The last time Canada had a real leader, it was Prime Minister Pierre Trudeau. The least understood and the most vilified of the actions he took on behalf of Canadians was the National Energy Program (NEP) of 1980. It was an attempt to ensure Canadian control, self-sufficiency and sharing of oil resources. It was never an attack on Alberta’s wild ride on oil revenues but a reasoned proposal to protect those resources for all Canadians. The problem today is that when the bitumen bubble bursts it is going to take down Stephen Harper, Thomas Mulcair and Justin Trudeau from their political pedestals.
Prime Minister Harper has led the parade in supporting bitumen exploitation and bitumen pipelines east, west and south. It is the hypocrisy of New Democrat Leader Thomas Mulcair and Liberal Leader Justin Trudeau that worries environmentalists among their political parties. Nobody really gives a damn about Stephen Harper but the spatter of the billions in bitumen losses will smear Mulcair and Trudeau as well.
The first thing that is going to happen is that a harried, lame duck President Barack Obama is going to go along with the environmental pressure and kill TransCanada’s Keystone XL pipeline. While Mulcair thinks he is safe on the issue, his limited support for Keystone and general bafflegab on the bitumen issue has annoyed many of his supporters. Trudeau’s unequivocal support for the pipeline to take bitumen to the Texas Gulf oil ports has won him no friends among environmentalists.
The second shoe in the pipeline fiasco will be the Enbridge Northern Gateway pipeline across British Columbia to Kitimat. Since Harper’s lapdog National Energy Board has already rubberstamped this foolhardy plan, it will take the determination of our native Canadians and the Supreme Court to end it. And it will be ended. It might even set a record for the speed of a decision from the Supreme Court judges. Mulcair and Trudeau will be lucky to be sidelined on this as they both turned thumbs down on it.
The opposition leaders will meet their most serious test when the fight boils down to the twinning of the B.C. Kinder Morgan pipeline to Surrey and the pipeline plans of Enbridge and TransCanada to send bitumen to the east coast. The recent vote of East Portland, Maine citizens to tell the pipeline company what to do with its bitumen was a fine example of democracy at work. Nobody wants to ask the Saint John, New Brunswick citizens if Irving Oil should build a tanker loading dock for bitumen. The good news is that Irving Oil is making no moves to refine the highly polluting bitumen at its refinery.

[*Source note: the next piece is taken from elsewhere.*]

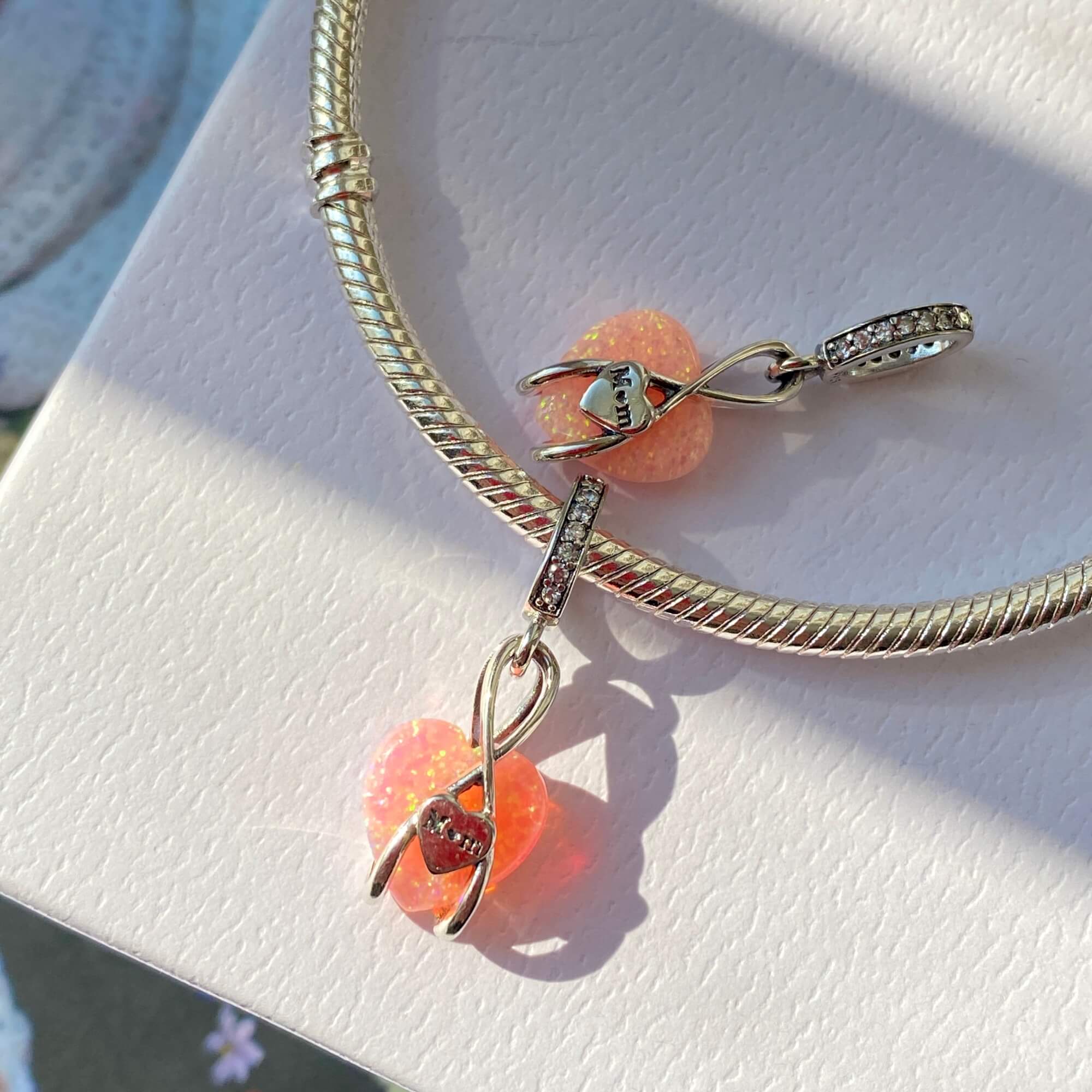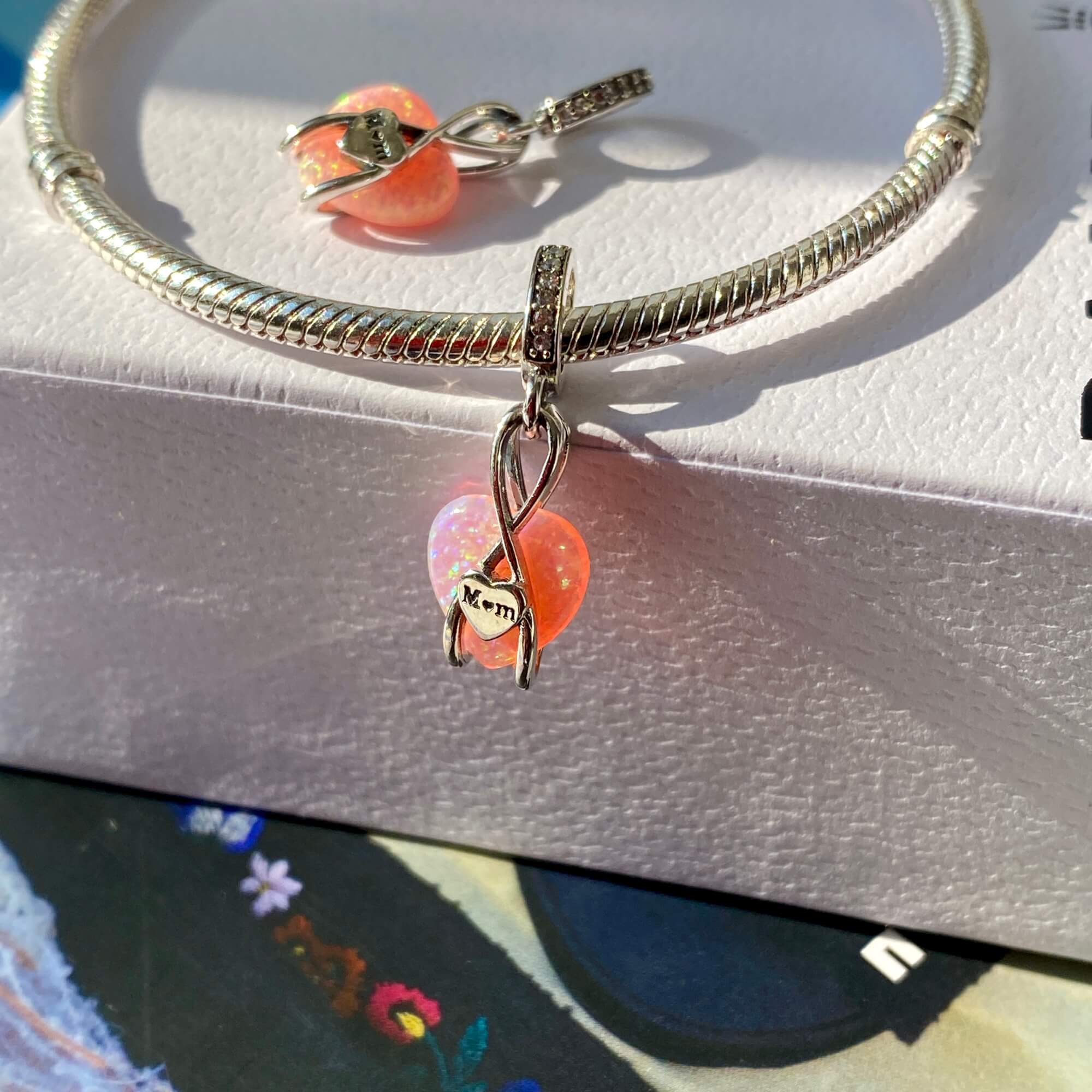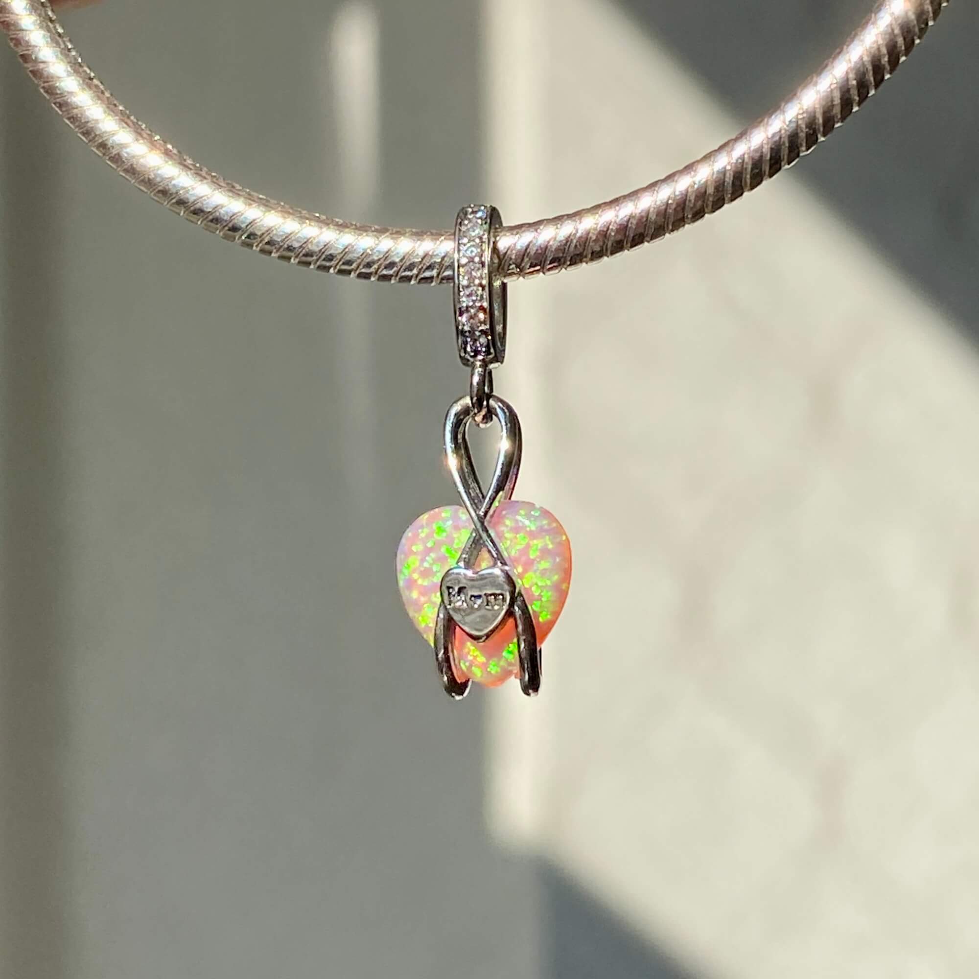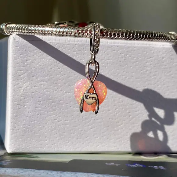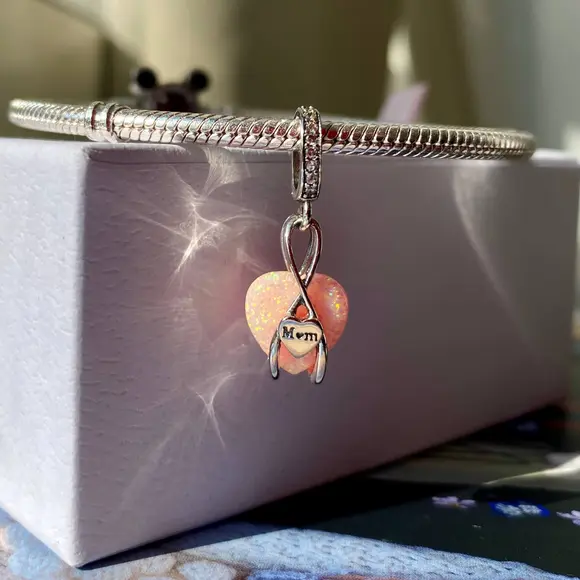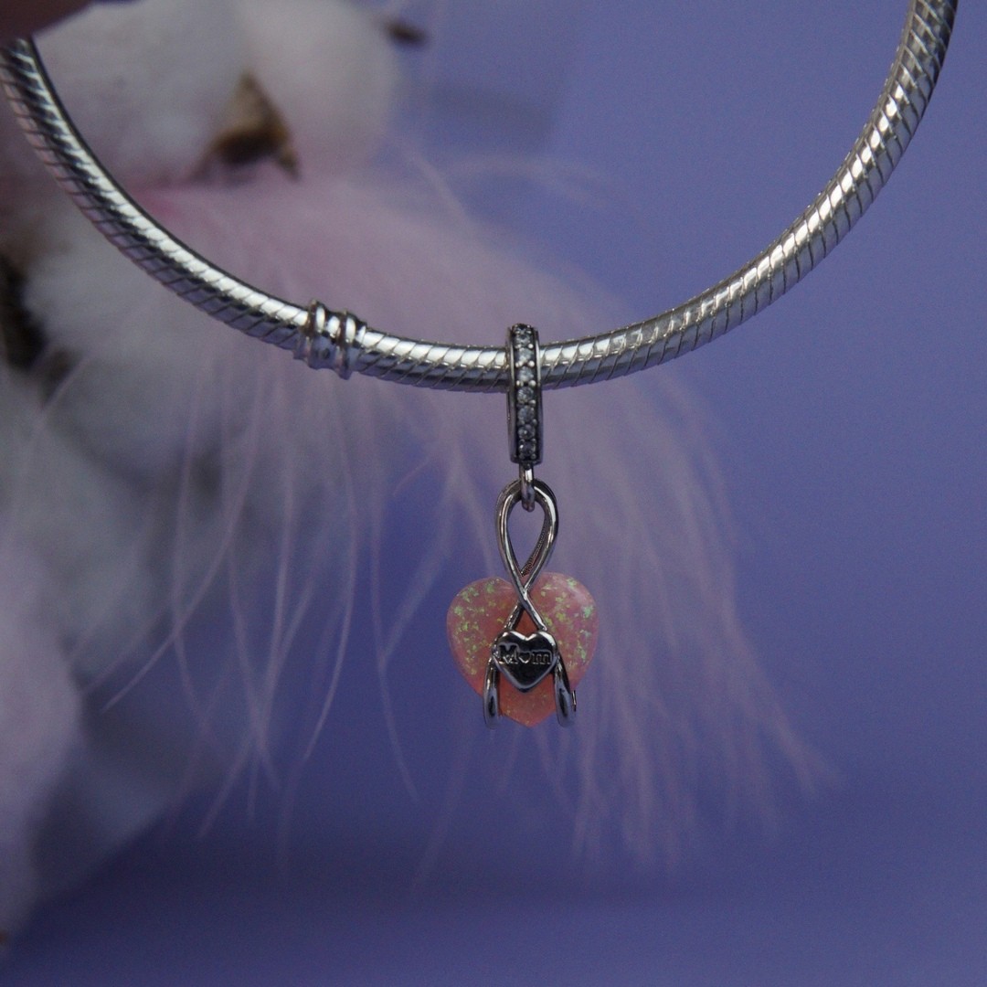 Шарм-підвіска «Безкінечна любов до мами» — це справжній символ теплих почуттів, ніжності та вдячності, які кожен з нас відчуває до найдорожчої людини. Цей шарм втілює в собі елегантність та витонченість. Центральним елементом є ніжне серце з рожевим склом, яке випромінює особливий блиск і переливається в променях світла.

But before the first litre of bitumen can be heated and forced through one of those east coast bound pipelines, the Canadian economy will already be in the tank. The collapse of the bitumen bubble in Alberta will ricochet around this country and around the world. The Chinese hardly need more pollution for their cities caused by bitumen refining. The European Union does not want bitumen. The Americans have lots of their own. And unless we start to build things in this country that cannot be easily moved to low wage areas in the U.S. and Mexico, the Harper Conservatives will have won.